DETAILED DESCRIPTION
[0009] The above-described purpose, features and advantages will be
clarified through the following embodiments with reference to the
accompanying drawings.
[0010] The descriptions of specific structures or functions are
made only to describe embodiments according to the concept of the
present invention. The concept of the present invention may be
embodied in various manners, and the present invention is not
limited to the embodiments described in this specification.
[0011] Since the embodiments according to the concept of the
present invention can be modified in various manners and have
various forms, specific embodiments will be illustrated in the
drawings and described in detail in this specification. However,
the embodiments according to the concept of the present invention
are not limited to the specific embodiments, but may include all
modifications, equivalents and substitutions without departing from
the sprit and scope of the present invention.

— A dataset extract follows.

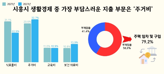 생활비 중에서 가장 부담스러운 지출 부문을 조사한 결과, ‘주거비’가 32.7%로 가장 높은 비중을 차지했고, 그다음으로는 ‘식료품비’ 22.5%로 나타났다. 이를 증명하듯 현재 가구에 부채가 있다는 응답 58.6% 중 부채의 원인으로는 ‘주택 임차 및 구입’이 79.2%로 가장 큰 비중을 차지하는 것으로 나타났다.

[0012] When an element is referred to as being "coupled" or
"connected" to another element, it may not only indicate that the
former element is directly coupled or connected to the latter
element, but also indicate that another element is present
therebetween. On the other hand, when an element is referred to as
being "directly coupled" or "directly connected" to another
element, it may indicate that no element is present therebetween.
Other expressions for describing the relations between elements,
such as "between", "immediately between", "adjacent to", and
"directly adjacent to", should be analyzed in the same manner.
[0013] All terms used in this specification are used only to
describe a specific embodiment, and do not limit the present
invention. The terms of a singular form may include plural forms
unless referred to the contrary. In this specification, the meaning
of a term "include" or "have" specifies a property, number, step,
operation, element, part or combinations thereof, but does not
exclude one or more other properties, numbers, steps, operations,
elements, parts or combinations thereof.
[0014] All terms used herein have the same meanings as those
understood by a person skilled in the art to which the present
invention pertains, as long as the terms are differently defined.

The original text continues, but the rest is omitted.